▶ _Prompt_
Below are some records. Return exactly their lines from the one containing "公交車候車亭一般是與公交站牌" through the one containing "其中,領(lǐng)博生物自", and drop the pictures.

▶ _Materials provided_
──────────
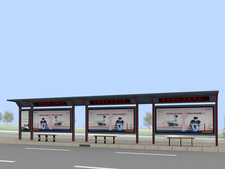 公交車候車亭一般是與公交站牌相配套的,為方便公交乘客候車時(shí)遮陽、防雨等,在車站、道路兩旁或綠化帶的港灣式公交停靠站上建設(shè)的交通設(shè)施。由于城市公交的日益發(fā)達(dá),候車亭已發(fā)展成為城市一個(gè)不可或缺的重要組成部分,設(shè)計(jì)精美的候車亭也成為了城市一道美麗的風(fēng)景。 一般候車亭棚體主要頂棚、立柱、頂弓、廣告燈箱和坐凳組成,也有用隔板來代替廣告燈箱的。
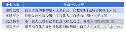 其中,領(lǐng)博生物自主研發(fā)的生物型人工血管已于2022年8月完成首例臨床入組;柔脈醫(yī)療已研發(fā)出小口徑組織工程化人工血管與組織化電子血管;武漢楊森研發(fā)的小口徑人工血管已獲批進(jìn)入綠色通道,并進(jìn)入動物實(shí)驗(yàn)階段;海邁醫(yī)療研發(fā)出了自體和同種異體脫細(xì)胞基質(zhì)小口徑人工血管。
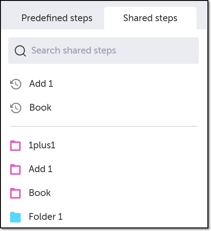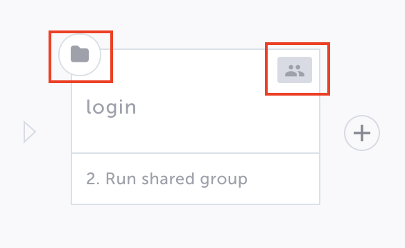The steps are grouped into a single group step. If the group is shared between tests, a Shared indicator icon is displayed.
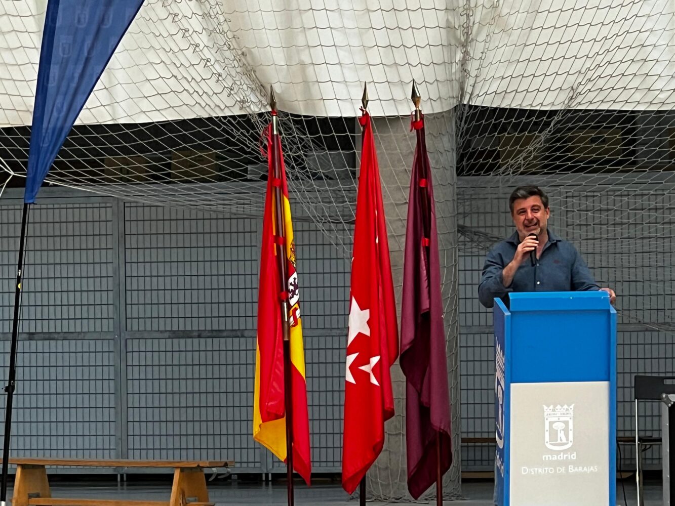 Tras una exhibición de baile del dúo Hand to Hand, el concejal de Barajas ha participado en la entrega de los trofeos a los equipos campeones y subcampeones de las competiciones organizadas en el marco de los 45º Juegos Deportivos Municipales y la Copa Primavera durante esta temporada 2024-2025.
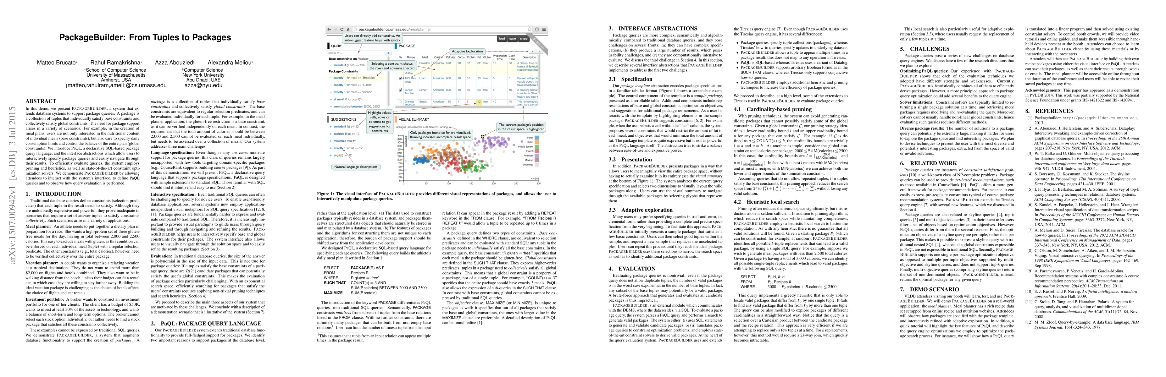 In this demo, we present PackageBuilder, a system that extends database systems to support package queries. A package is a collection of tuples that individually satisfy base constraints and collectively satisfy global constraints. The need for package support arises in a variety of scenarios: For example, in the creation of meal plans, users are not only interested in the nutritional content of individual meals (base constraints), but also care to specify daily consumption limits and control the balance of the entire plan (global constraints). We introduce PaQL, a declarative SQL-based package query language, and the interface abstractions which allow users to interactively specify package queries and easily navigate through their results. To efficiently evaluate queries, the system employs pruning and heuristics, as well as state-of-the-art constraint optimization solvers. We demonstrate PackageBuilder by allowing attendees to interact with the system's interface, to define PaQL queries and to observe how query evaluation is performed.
──────────
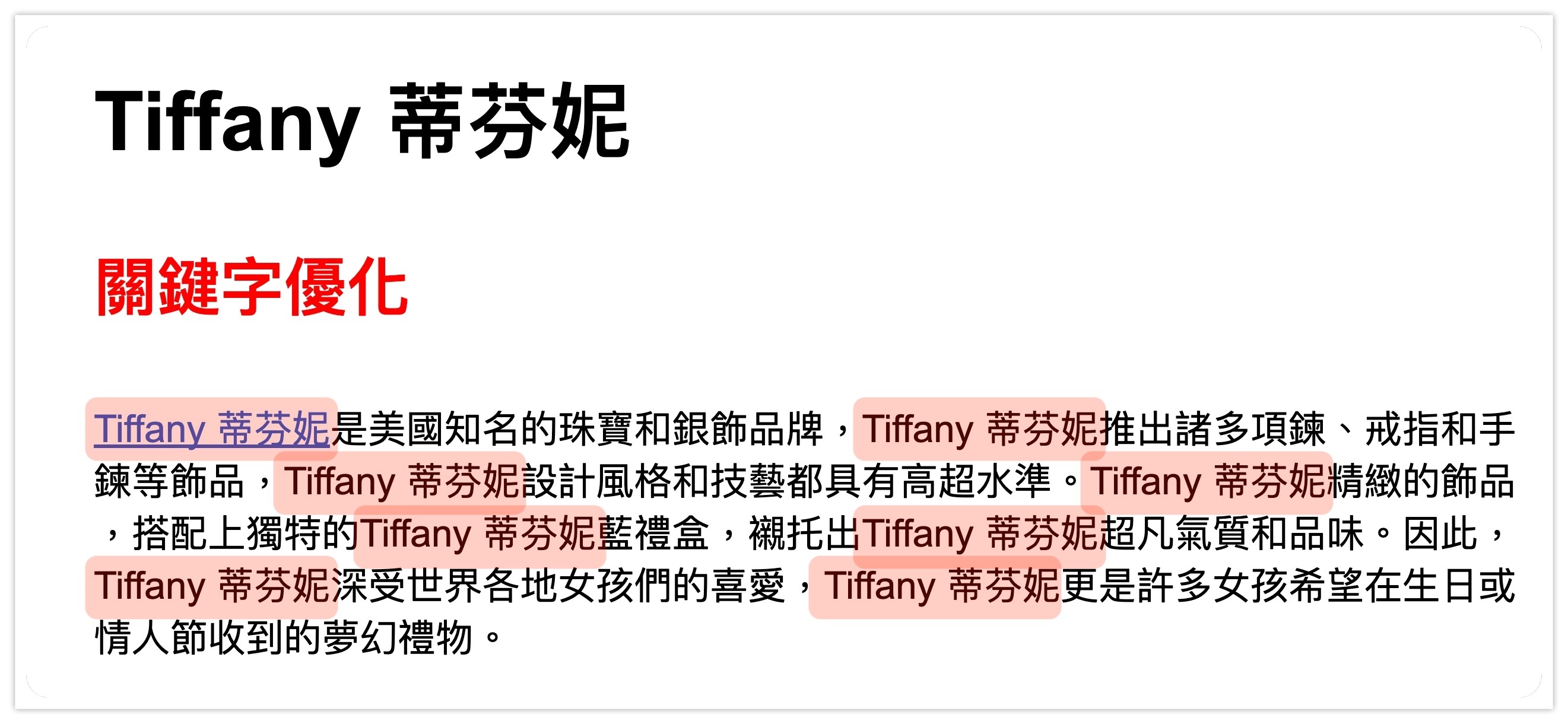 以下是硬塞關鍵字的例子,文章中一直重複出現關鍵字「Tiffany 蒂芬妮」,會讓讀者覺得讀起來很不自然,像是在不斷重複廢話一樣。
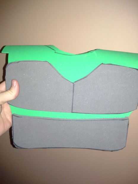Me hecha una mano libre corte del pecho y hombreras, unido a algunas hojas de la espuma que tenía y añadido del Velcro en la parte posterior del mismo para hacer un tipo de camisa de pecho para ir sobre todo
──────────
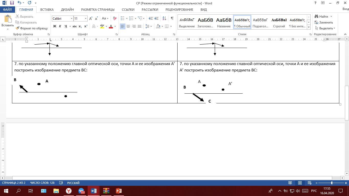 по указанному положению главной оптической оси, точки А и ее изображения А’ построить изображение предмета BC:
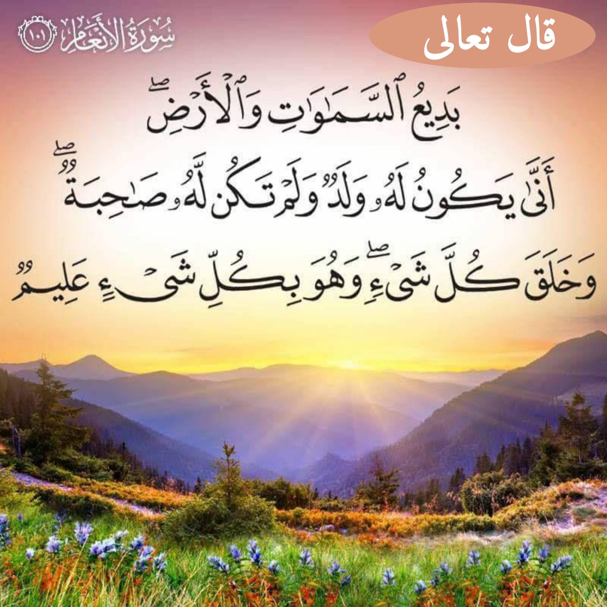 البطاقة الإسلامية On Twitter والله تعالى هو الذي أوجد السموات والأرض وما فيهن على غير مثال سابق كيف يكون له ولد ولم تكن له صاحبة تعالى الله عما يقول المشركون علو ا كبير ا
──────────
▶ _Expected answer_
 公交車候車亭一般是與公交站牌相配套的,為方便公交乘客候車時(shí)遮陽、防雨等,在車站、道路兩旁或綠化帶的港灣式公交停靠站上建設(shè)的交通設(shè)施。由于城市公交的日益發(fā)達(dá),候車亭已發(fā)展成為城市一個(gè)不可或缺的重要組成部分,設(shè)計(jì)精美的候車亭也成為了城市一道美麗的風(fēng)景。 一般候車亭棚體主要頂棚、立柱、頂弓、廣告燈箱和坐凳組成,也有用隔板來代替廣告燈箱的。
 其中,領(lǐng)博生物自主研發(fā)的生物型人工血管已于2022年8月完成首例臨床入組;柔脈醫(yī)療已研發(fā)出小口徑組織工程化人工血管與組織化電子血管;武漢楊森研發(fā)的小口徑人工血管已獲批進(jìn)入綠色通道,并進(jìn)入動物實(shí)驗(yàn)階段;海邁醫(yī)療研發(fā)出了自體和同種異體脫細(xì)胞基質(zhì)小口徑人工血管。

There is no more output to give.